Task data ::
* * * * *
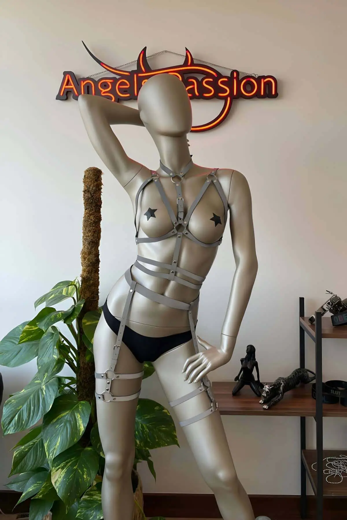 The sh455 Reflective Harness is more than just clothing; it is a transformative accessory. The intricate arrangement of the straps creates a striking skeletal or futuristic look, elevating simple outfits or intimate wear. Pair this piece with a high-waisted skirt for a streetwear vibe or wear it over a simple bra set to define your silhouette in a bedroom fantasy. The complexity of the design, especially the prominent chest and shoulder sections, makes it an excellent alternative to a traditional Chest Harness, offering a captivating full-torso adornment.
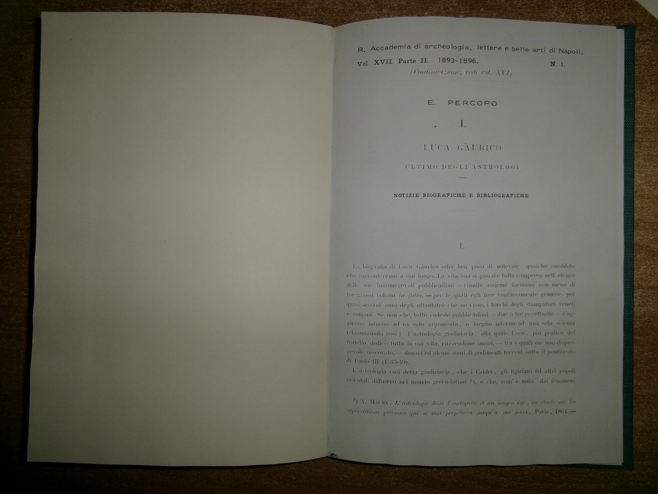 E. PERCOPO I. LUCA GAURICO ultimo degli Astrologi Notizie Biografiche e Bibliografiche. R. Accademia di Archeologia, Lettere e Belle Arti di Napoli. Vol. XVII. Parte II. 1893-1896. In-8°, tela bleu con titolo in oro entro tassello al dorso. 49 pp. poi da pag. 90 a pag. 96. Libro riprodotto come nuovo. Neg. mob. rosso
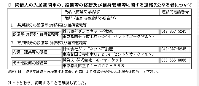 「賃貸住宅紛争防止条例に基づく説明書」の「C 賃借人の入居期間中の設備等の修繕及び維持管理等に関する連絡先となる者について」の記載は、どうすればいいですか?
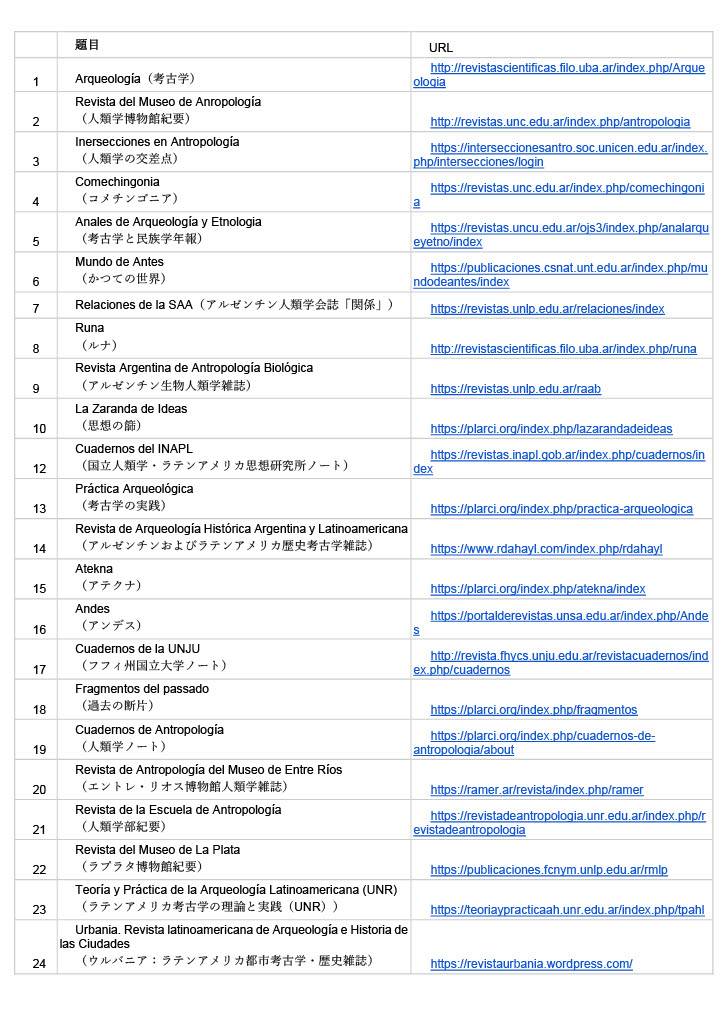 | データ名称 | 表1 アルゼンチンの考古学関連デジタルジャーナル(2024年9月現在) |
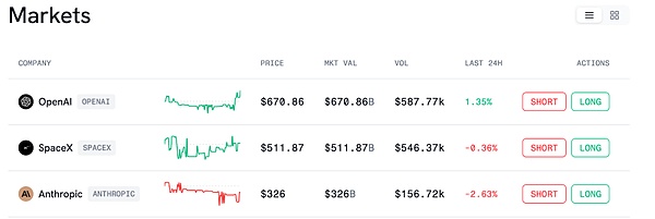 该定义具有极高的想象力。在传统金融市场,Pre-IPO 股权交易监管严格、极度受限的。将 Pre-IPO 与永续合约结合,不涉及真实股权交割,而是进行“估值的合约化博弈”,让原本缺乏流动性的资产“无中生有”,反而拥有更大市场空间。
* * * * *
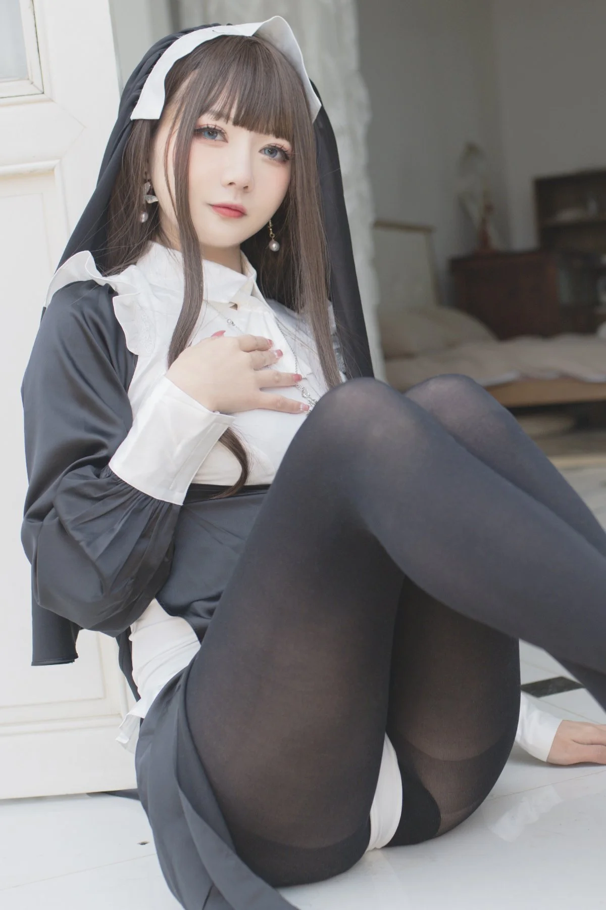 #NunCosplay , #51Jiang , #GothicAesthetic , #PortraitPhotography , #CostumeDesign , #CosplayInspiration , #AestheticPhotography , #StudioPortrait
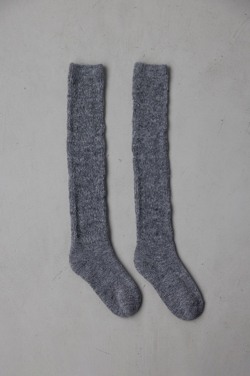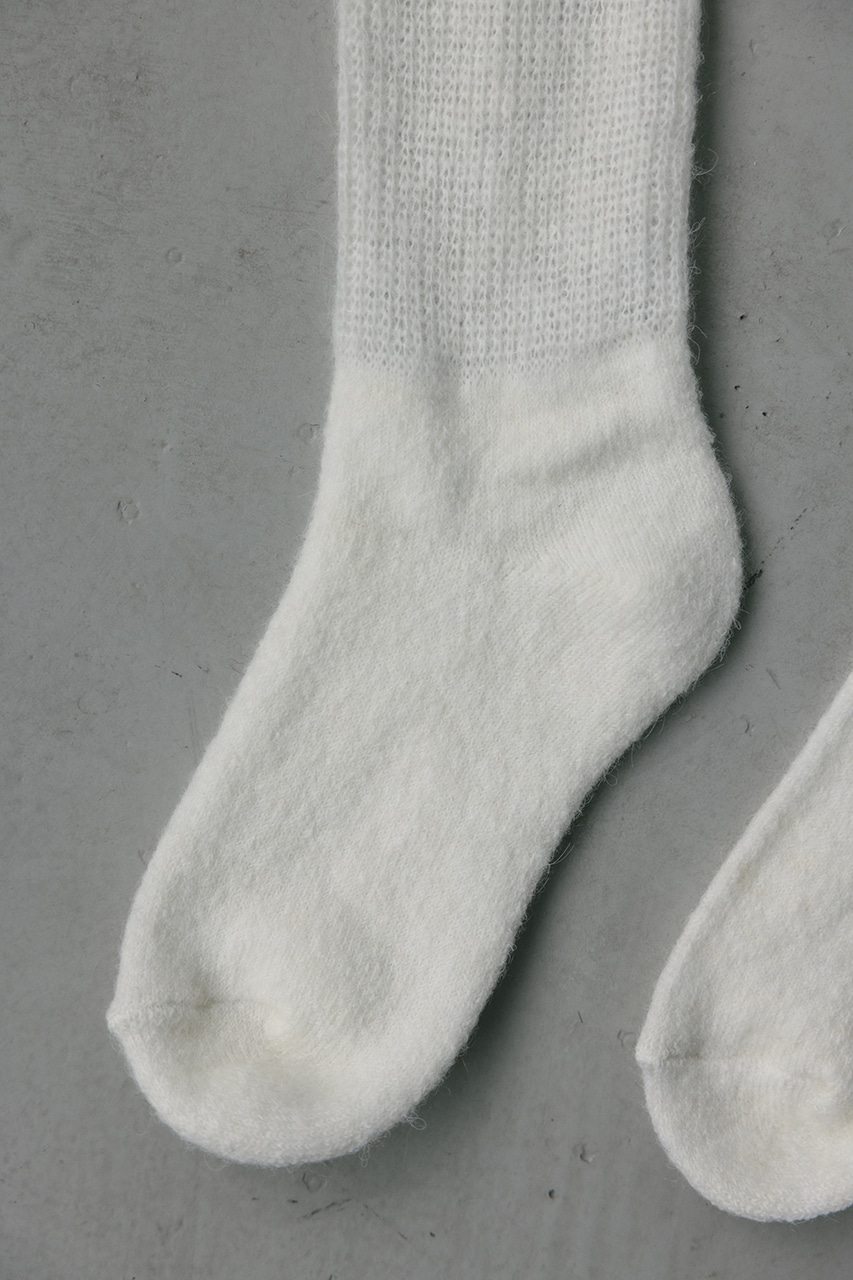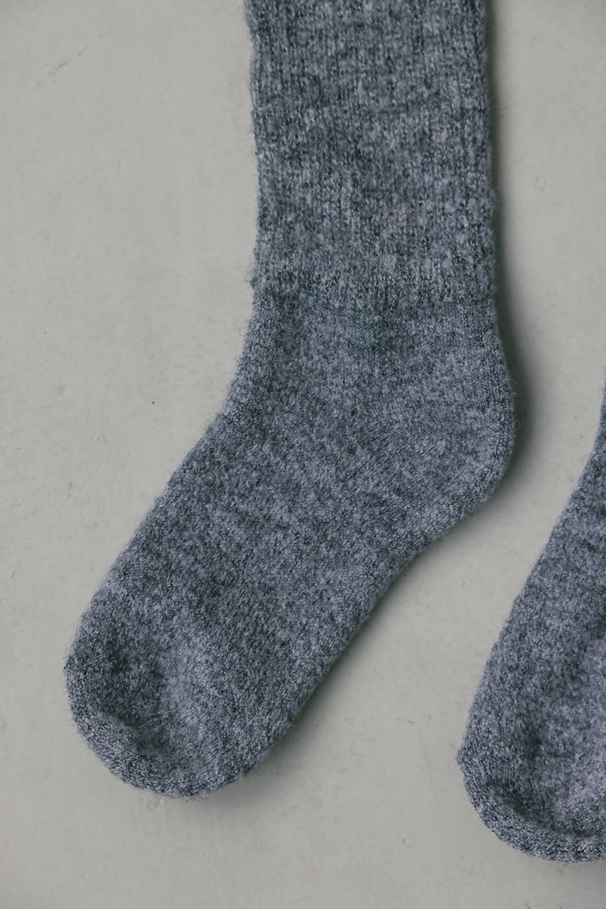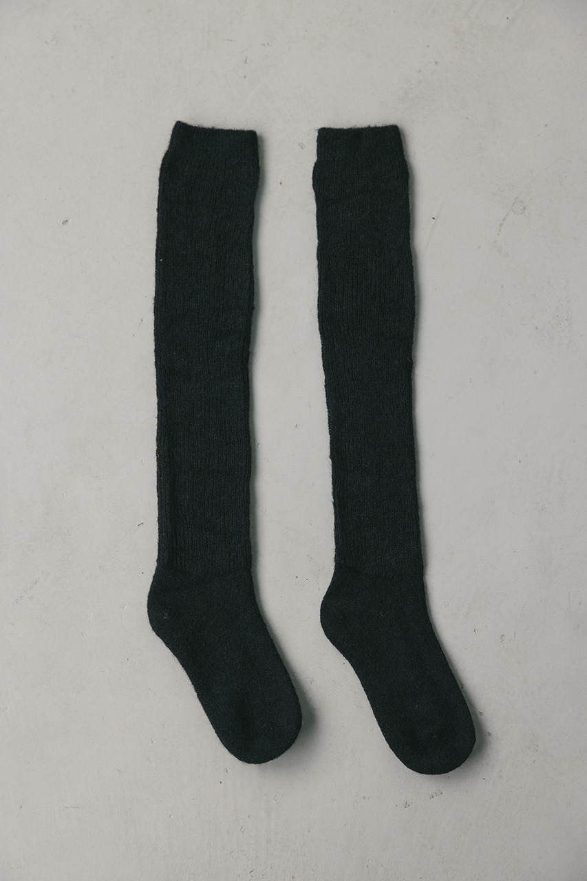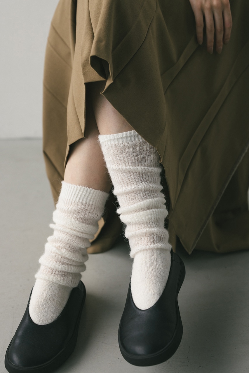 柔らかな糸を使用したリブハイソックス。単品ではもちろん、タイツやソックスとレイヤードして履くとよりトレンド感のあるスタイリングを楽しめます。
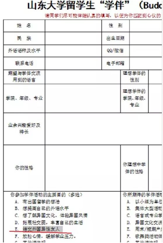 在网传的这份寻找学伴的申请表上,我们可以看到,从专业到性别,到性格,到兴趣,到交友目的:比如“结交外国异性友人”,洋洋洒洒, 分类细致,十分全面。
* * * * *
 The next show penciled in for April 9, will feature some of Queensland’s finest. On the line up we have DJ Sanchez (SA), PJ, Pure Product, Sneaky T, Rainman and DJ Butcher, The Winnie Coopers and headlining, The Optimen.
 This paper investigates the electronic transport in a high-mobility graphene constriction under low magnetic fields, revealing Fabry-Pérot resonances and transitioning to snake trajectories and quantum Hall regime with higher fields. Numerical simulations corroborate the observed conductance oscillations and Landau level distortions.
* * * * *
Task description :: Above are the records; copy from them only the lines starting at the one containing "#NunCosplay , #51Jiang" and ending at the one containing "在网传的这份寻找学伴的申请表", exactly and without pictures.

Output of the exercise ::
 #NunCosplay , #51Jiang , #GothicAesthetic , #PortraitPhotography , #CostumeDesign , #CosplayInspiration , #AestheticPhotography , #StudioPortrait
 柔らかな糸を使用したリブハイソックス。単品ではもちろん、タイツやソックスとレイヤードして履くとよりトレンド感のあるスタイリングを楽しめます。
 在网传的这份寻找学伴的申请表上,我们可以看到,从专业到性别,到性格,到兴趣,到交友目的:比如“结交外国异性友人”,洋洋洒洒, 分类细致,十分全面。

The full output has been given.